_ASSIGNMENT_
Every entry that follows should be repeated exactly; drop the images.

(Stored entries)
== Segment start ==
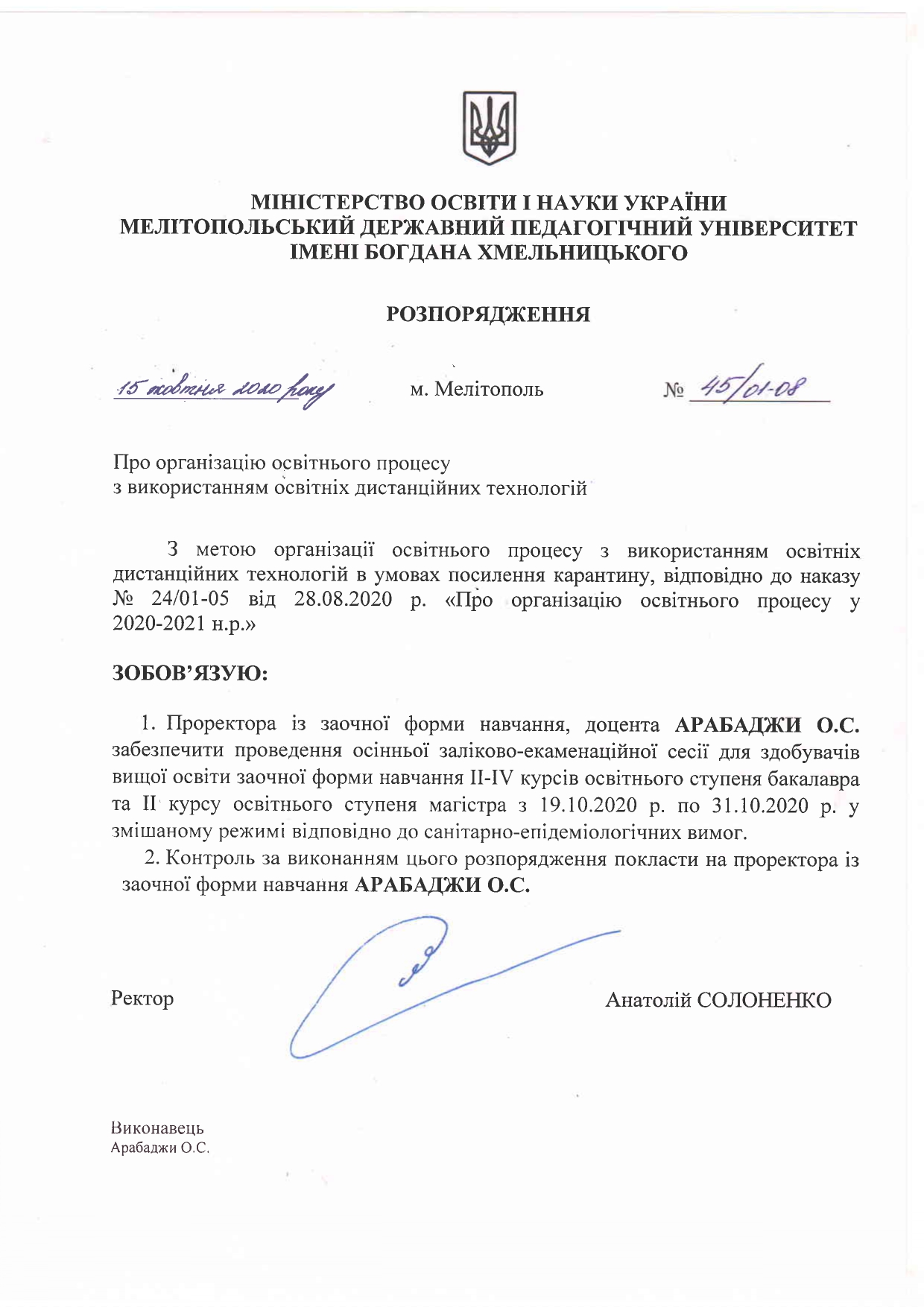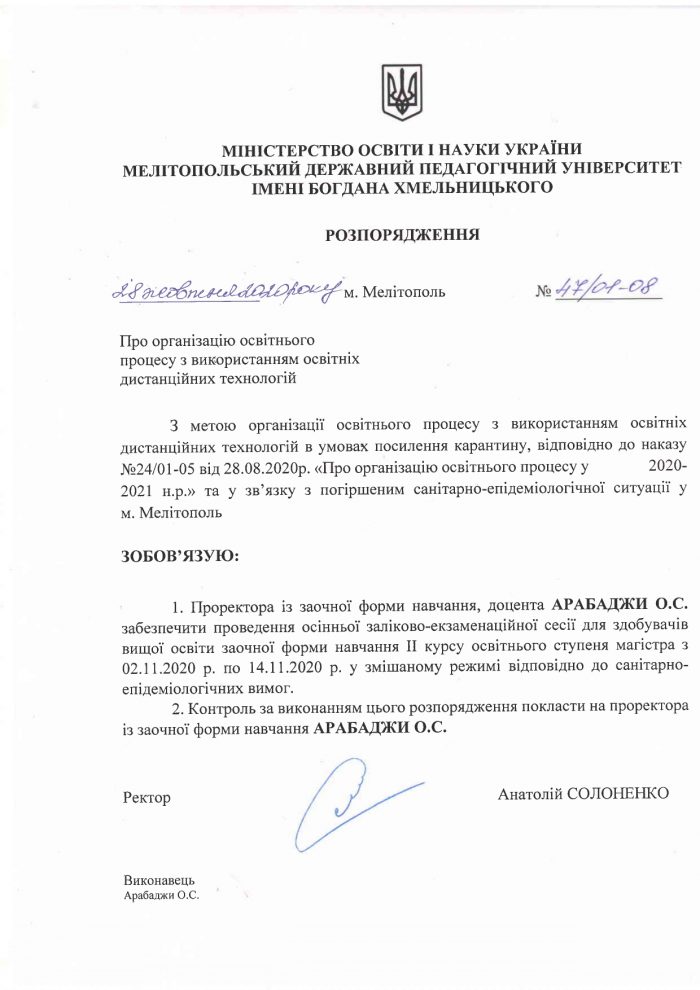 У зв’язку з погіршенням епідеміологічній ситуації у Мелітополі і переходом міста у помаранчеву зону та на виконання наказу ректора «Про організацію освітнього процесу з використанням освітніх дистанційних технологій» № 40/01-08 від 24.09.2020 р. проведення осінньої заліково-екзаменаційної сесії з 28.09.2020 по 31.10.2020 р. для здобувачів вищої освіти II – IV курсів бакалаврату буде здійснено з використанням технологій дистанційного навчання, а для здобувачів вищої освіти I курсів бакалаврату і магістратури у змішаному режимі: аудиторно – проведення лекційних, лабораторних, практичних (семінарських) занять у навчальних групах до 20 осіб, дистанційно – проведення лекційних занять у навчальних групах більше 20 осіб
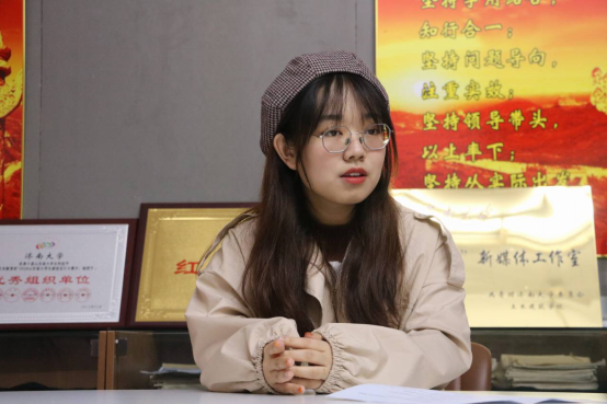 这是2019年的立冬,刚入夜天气就变得寒冷。千鸟格的橘色昵帽,浅浅的风衣颜色,散着头发的张佳荦同学刚进入屋便给我们带来了温暖亲切的感觉。2019年11月10日下午七点,本次采访在八教222房间顺利进行着。
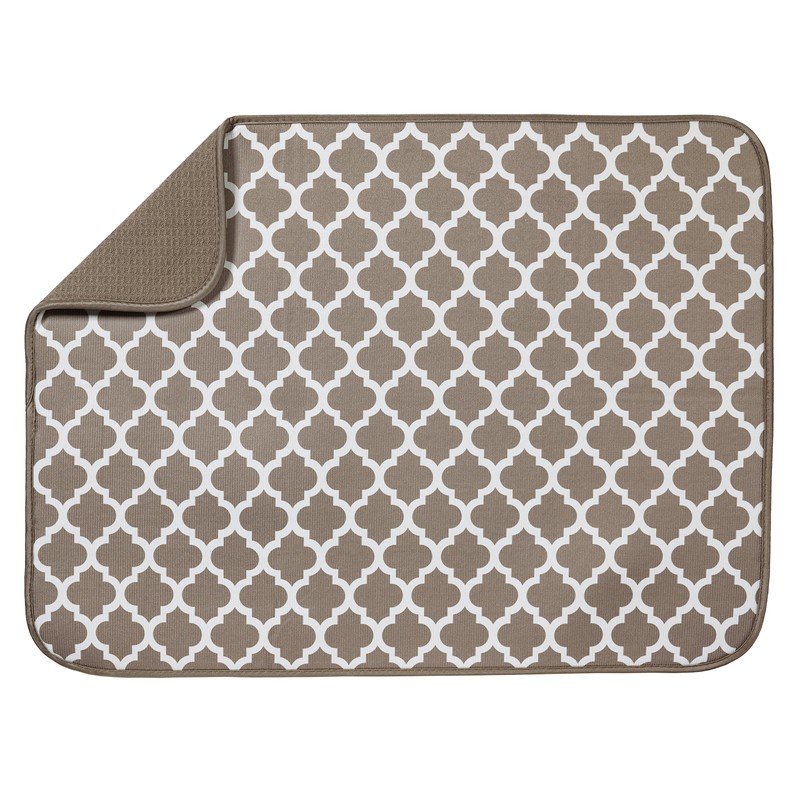 S&T INC. Dish Drying Mats, Polyester, Taupe Trellis, 18" x 24"
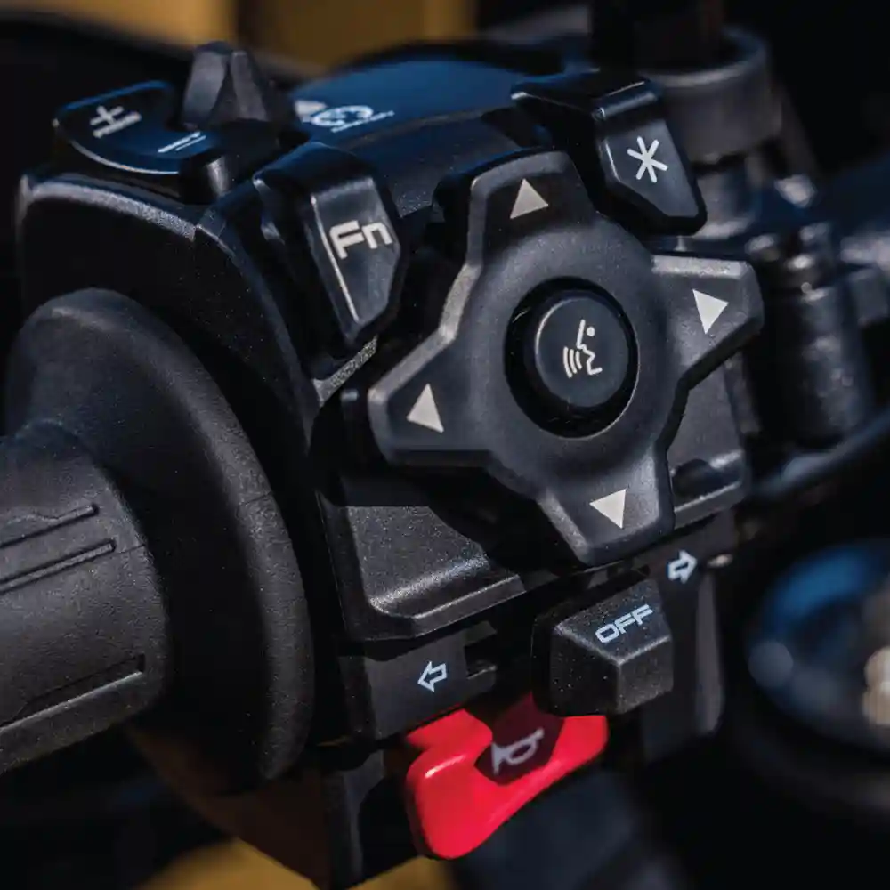 Écran tactile MMI de 8 po avec Bluetooth, Apple CarPlay, RideSync™, écran rétroéclairé, radar arrière, détection d’angle mort, régulateur de vitesse, quickshifter bidirectionnel, avertisseur d’arrêt d’urgence, commandes de stabilité, freinage assisté, port USB-C et pare-brise réglable.
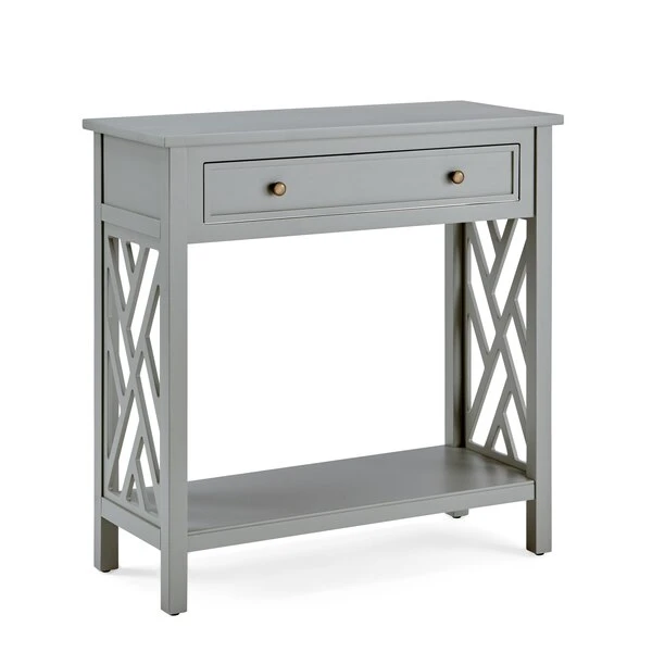 Coventry is a fresh, clean collection that is versatile in any space. The square pattern, open-detailing on each side is airy and offers a unique look for your décor. Each piece offers additional storage or display space with a shelf, drawer, or pull out tray shelf. In both dove gray and white, these pieces are the perfect compliment to your space.
== Segment end ==
_OUTPUT FOR THIS EXERCISE_
 У зв’язку з погіршенням епідеміологічній ситуації у Мелітополі і переходом міста у помаранчеву зону та на виконання наказу ректора «Про організацію освітнього процесу з використанням освітніх дистанційних технологій» № 40/01-08 від 24.09.2020 р. проведення осінньої заліково-екзаменаційної сесії з 28.09.2020 по 31.10.2020 р. для здобувачів вищої освіти II – IV курсів бакалаврату буде здійснено з використанням технологій дистанційного навчання, а для здобувачів вищої освіти I курсів бакалаврату і магістратури у змішаному режимі: аудиторно – проведення лекційних, лабораторних, практичних (семінарських) занять у навчальних групах до 20 осіб, дистанційно – проведення лекційних занять у навчальних групах більше 20 осіб
 这是2019年的立冬,刚入夜天气就变得寒冷。千鸟格的橘色昵帽,浅浅的风衣颜色,散着头发的张佳荦同学刚进入屋便给我们带来了温暖亲切的感觉。2019年11月10日下午七点,本次采访在八教222房间顺利进行着。
 S&T INC. Dish Drying Mats, Polyester, Taupe Trellis, 18" x 24"
 Écran tactile MMI de 8 po avec Bluetooth, Apple CarPlay, RideSync™, écran rétroéclairé, radar arrière, détection d’angle mort, régulateur de vitesse, quickshifter bidirectionnel, avertisseur d’arrêt d’urgence, commandes de stabilité, freinage assisté, port USB-C et pare-brise réglable.
 Coventry is a fresh, clean collection that is versatile in any space. The square pattern, open-detailing on each side is airy and offers a unique look for your décor. Each piece offers additional storage or display space with a shelf, drawer, or pull out tray shelf. In both dove gray and white, these pieces are the perfect compliment to your space.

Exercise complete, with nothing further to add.